I give you my best wishes, good luck with the research, and by the way- Be it he's 90 or 10% wolf... He's gorgeous!


----------



## pamperedpups (Dec 7, 2006)

Looks a lot like a younger version of this Norwegian Elkhound mix I found Online:


----------



## nekomi (May 21, 2008)

OK, some more thoughts - 

-You need to find out if wolfdogs are legal where you live (this means state, county, AND city/township laws). If they are not legal, and he really is 50% or more, you will NOT be able to "hide" him from authorities. This will mean heartbreak for you, and a completely unfair ending for your baby. If they are not legal, be prepared to make hard decisions. If they are legal, then you still have some work ahead of you.

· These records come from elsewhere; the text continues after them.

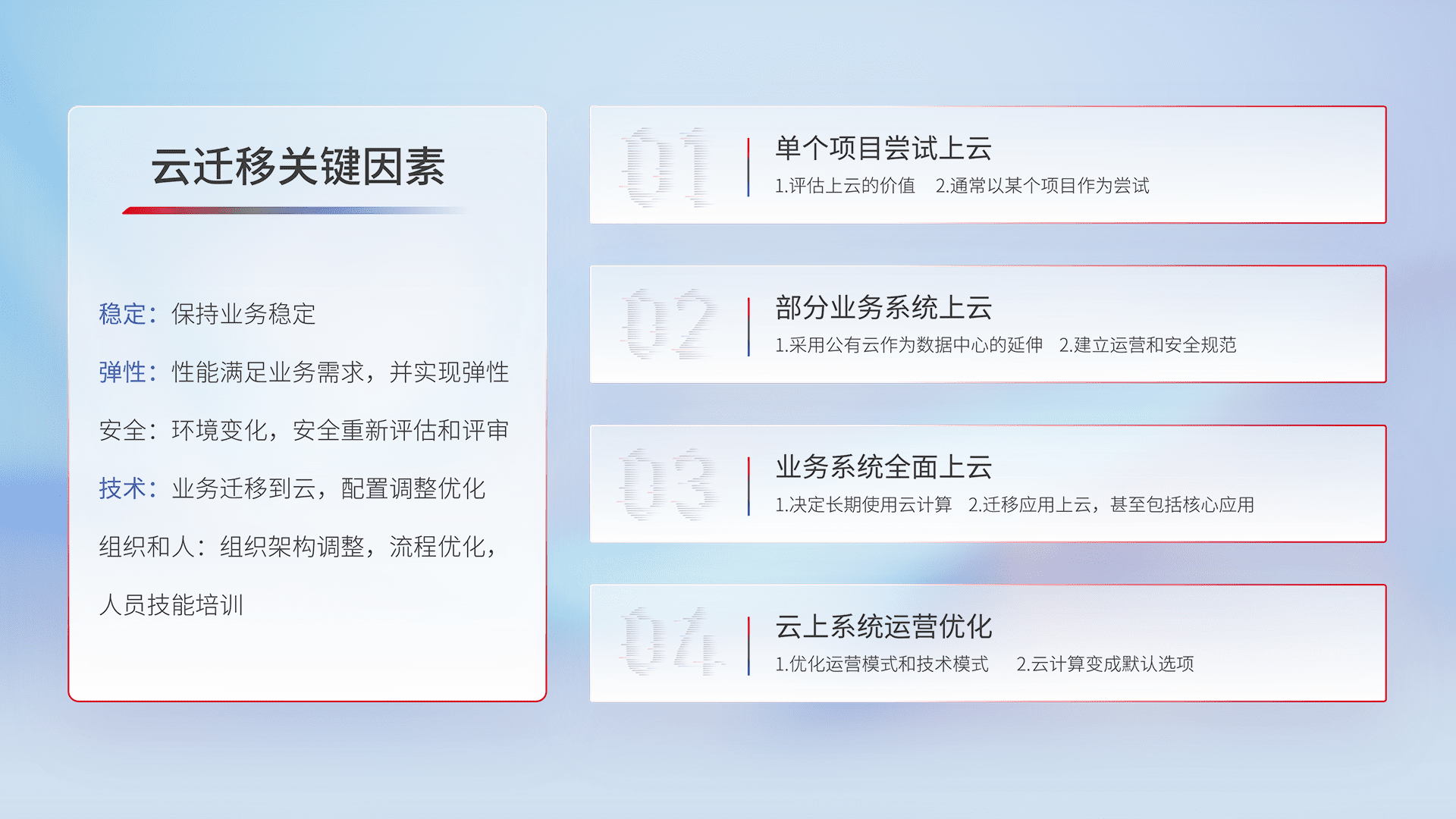 结合实际业务,,,从规划设计、、、、云平台选型、、、、云原生改造、、、数据迁移、、、、集成交付,,,,迁移全过程为客户识别最佳上云路径,,,,做好风险识别管理,,,,设计网络架构、、身份权限、、安全审计合规、、、、操作审计、、、日志审计、、监控告警策略、、多站点容灾设计等,,,对云上基础设施进行整体规划,,,提升IT治理水平,,以满足弹性、、高可用、、、、高性能的需求。。。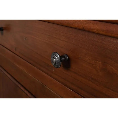 Expertly made with quality walnut solids and veneers, the Dante Hall Cabinet is perfect for storing media components and home accents. Its adjustable shelving allows for versatile organization, while the smooth sanded finish highlights the natural beauty of the wood. With elegant shapes, carved feet, and antiqued bronze hardware adding dimension, this rich walnut-finished cabinet is sure to become a timeless heirloom in any living or dining area.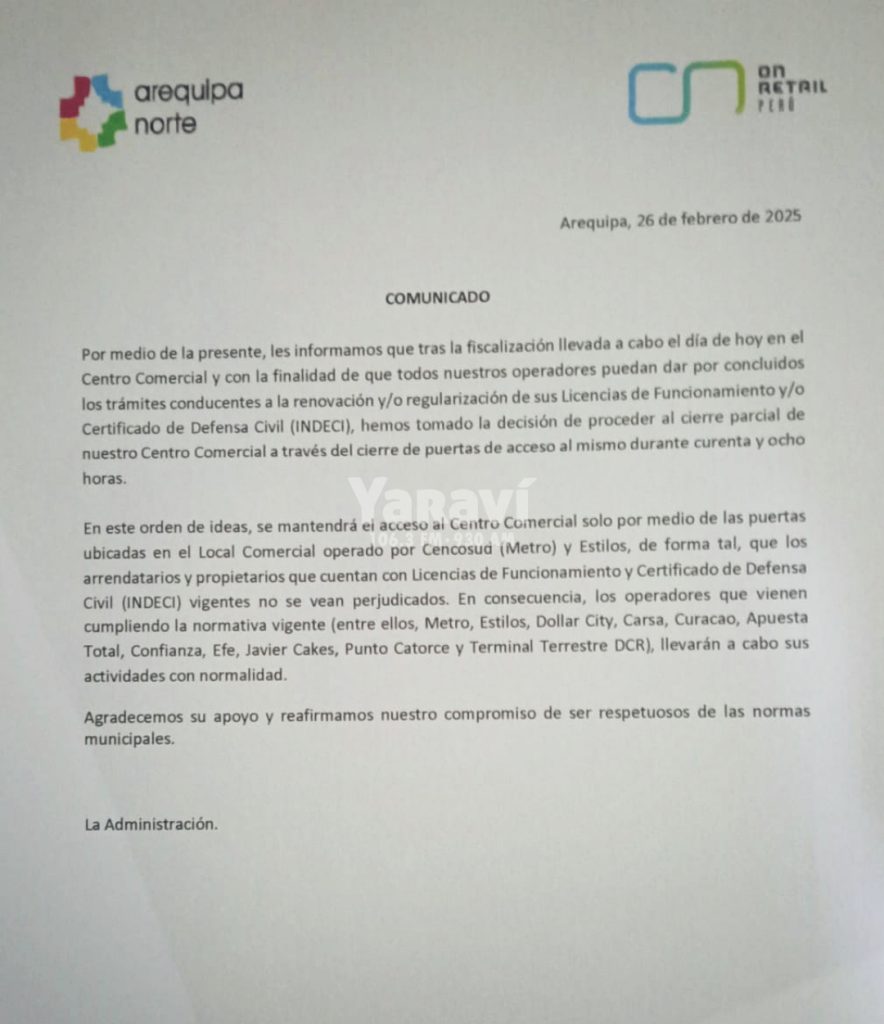 COMUNICADO DE PLAZA AREQUIPA NORTE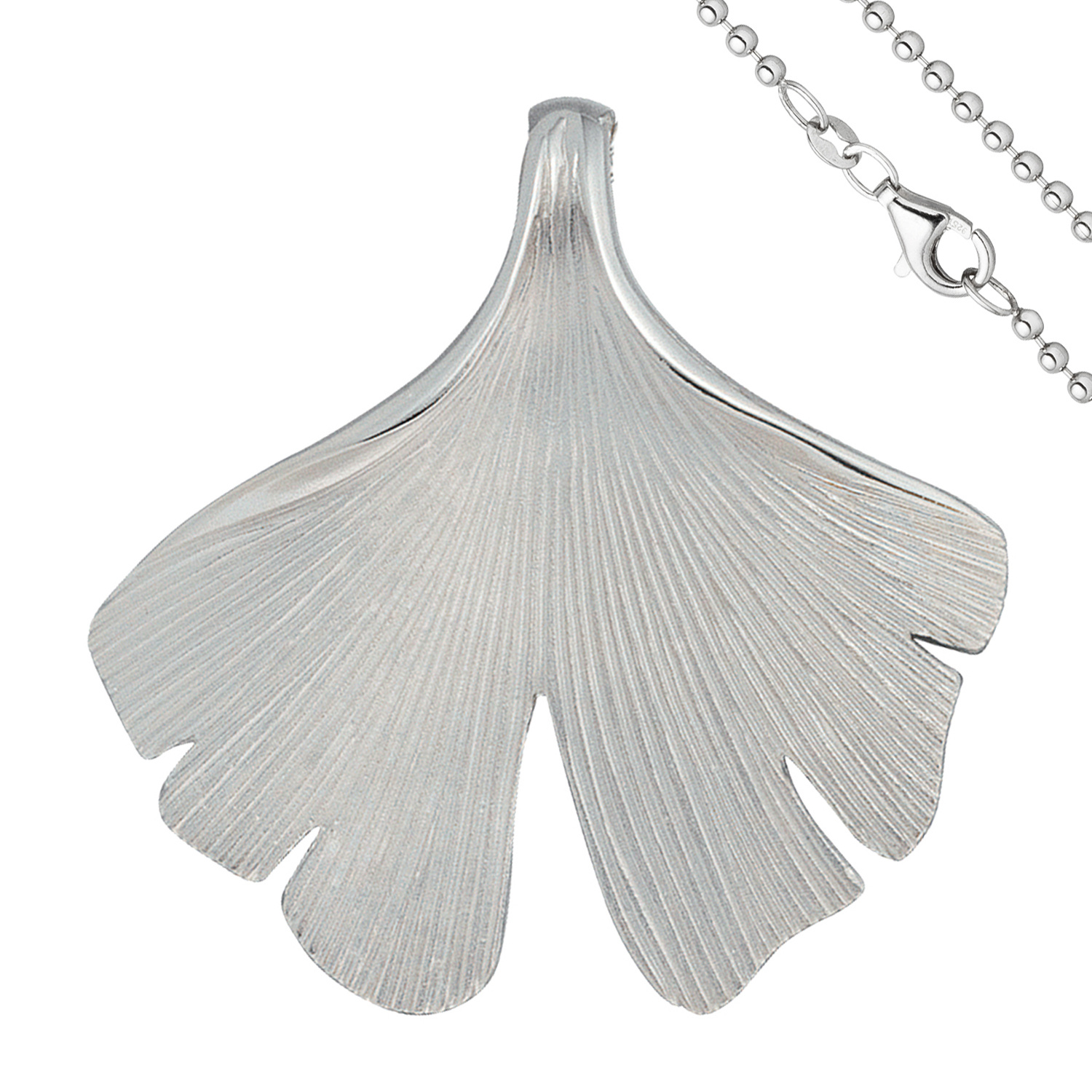 Anhänger Ginko Ginkgo 925 Sterling Silber matt mit Kette 45 cm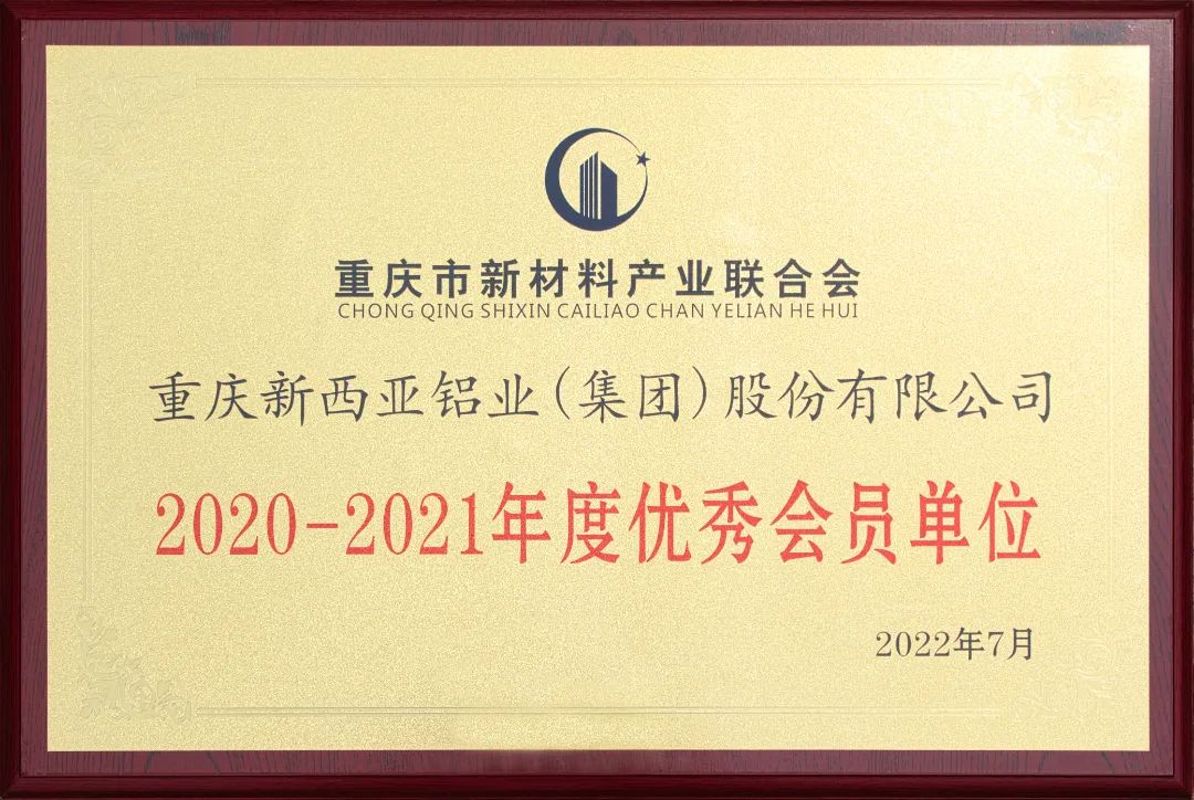 2020-2021年度,suncitygroup太阳官方网站在重庆市新材料产业联合会的关心指导下,不忘初心、牢记使命,认真执行联合会章程,履行副会长、会员义务,积极为新材料产业联合会发展建言献策。经重庆市新材料产业联系会理事会研究,suncitygroup太阳官方网站被评为2020-2021年度优秀会员单位。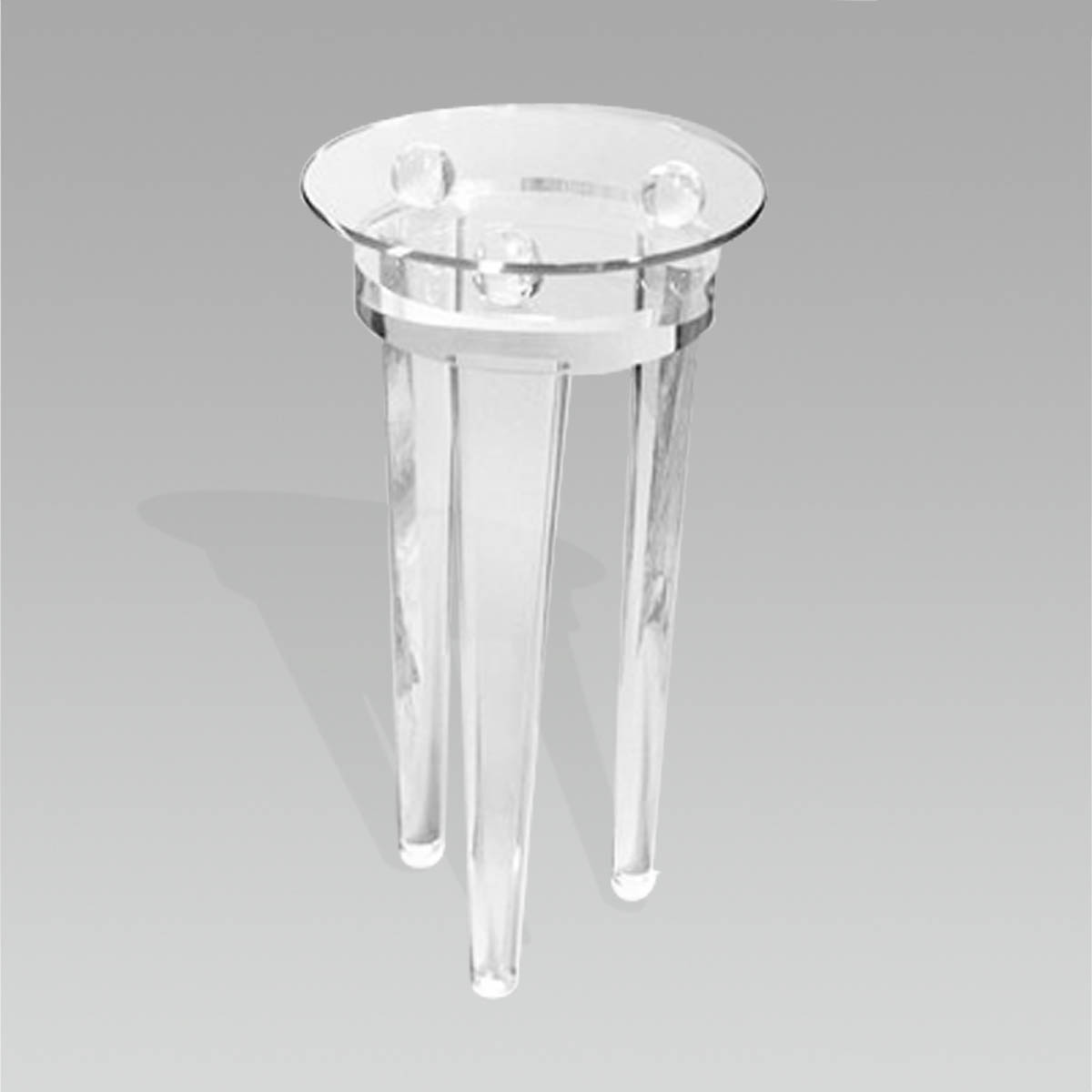 Model 787 is a three legged pedestal in clear acrylic with a 20 inch diameter glass top. Frosted available for an additional $150.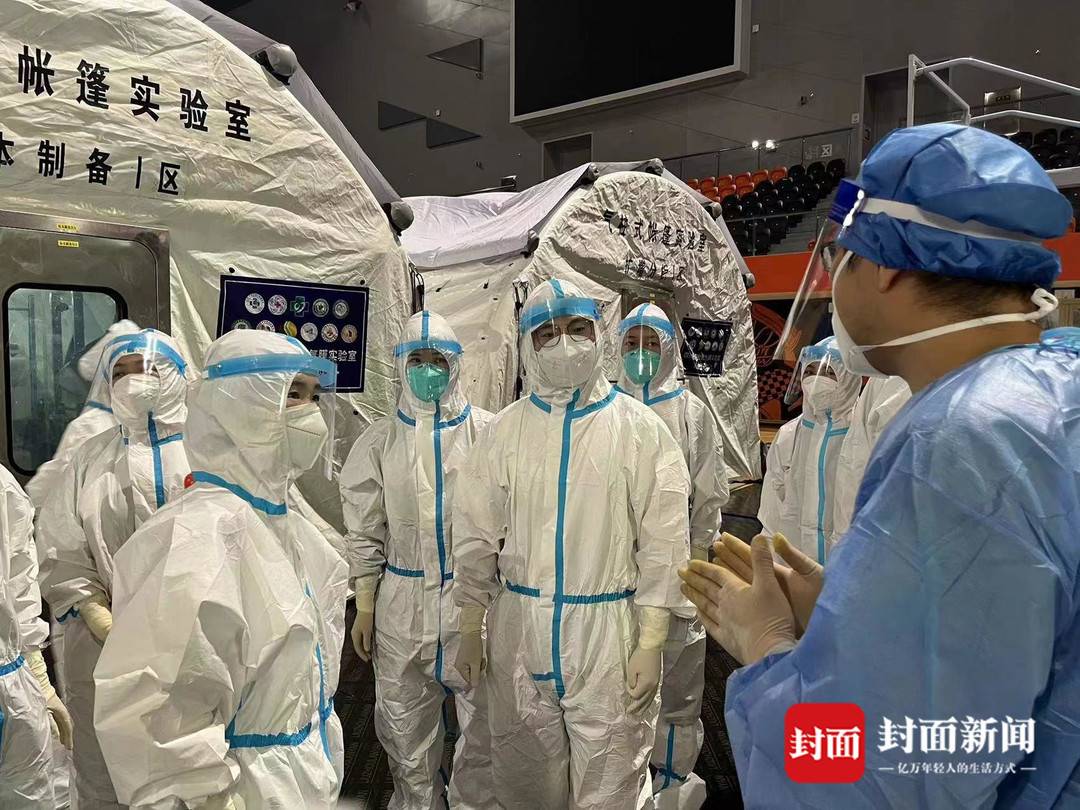 据悉,8月初赴海南支援回蓉后,队伍经过短暂隔离,又马不停蹄奔赴新都,支援成都抗疫。在成都疫情稳定后,队伍又扎根新都,接收检测宜宾、内江、遂宁等地的标本,为全省地市州的抗疫提供了有力保障和支撑,队员们以顽强的毅力和过硬的作风,一直坚守到了最后至今日休舱。为了持续保持队伍的战斗力,带队负责人和保障人员想方设法确保队员的休息时间,同时还通过线上生日、线上赏月、线上心理咨询,加秋衣、送膏药、添夜宵、恳谈会等形式,纾解队员焦虑,保持团队昂扬斗志和持久战斗力。

-You need to get started on making this guy a secure enclosure. I don't know how much land you live on, but he's going to need a secure place to run, play, and live... because there is very little chance that he will be able to make it as a housedog as he matures. Wolf hybrids of any significant content are usually happiest outdoors, and even if they can live in the house, they need a secure outdoor area for the times they can't be supervised, or when you just want to play and relax outside with him. "Secure" means 8 feet of heavy-duty chainlink or cattle panel fencing, with lean-ins, dig-guards, and/or hotwire to make it escape proof. Wolfdogs can jump over 6' fences with ease, dig under almost anything, and chew through fencing that is less than 9 guage (even that is debatable, as the other thread pointed out - you may need to go even stronger). Be prepared to spend $1000 or more to do this right.

-Start reading up on enrichment for wolfdogs kept outdoors. Chances are he will need a companion if he is kept outside for the majority of the time (I would say it is a necessity). Wolfdogs are hugely pack-driven and cannot tolerate a solitary lifestyle. Keep in mind that this companion does NOT have to be another wolfdog, and especially keep in mind that NOW is not the time to go buy another pup, but I'm just letting you know that if you didn't want 2 dogs, you are dealing with the wrong breed.  Read up on things like toys to put in the enclosure, games, seasonal things like watermelon and pumpkin to tear into. Start researching how to build an appropriate outdoor house for him (Nicole Wilde's books have a great "doghouse" design).

-Kibble is probably not going to be optimum for your pup - wolfdogs do best on a raw diet, or at the VERY least, high-quality grain free canned food. This can get expensive, especially as your guy grows. Be aware also that wolfdogs often have allergies to grain, especially wheat and soy, so read food labels carefully. (Low-contents can be the exception to the rule here.)

-You need to start diligent socializing right away, getting him used to ALL kinds of strangers - men, women, children, all different weights, heights, beards/no beards, people with hats, umbrellas; other dogs of all sizes and breeds, cats and other animals if you can safely do this. Socialization is a lifelong process for wolfdogs. Heavy socialization as a pup is KEY, but you will have to continue exposing him to new people and situations as he grows older in order to keep timidness at bay (but keep in mind that it is partly genetic, so it doesn't always work).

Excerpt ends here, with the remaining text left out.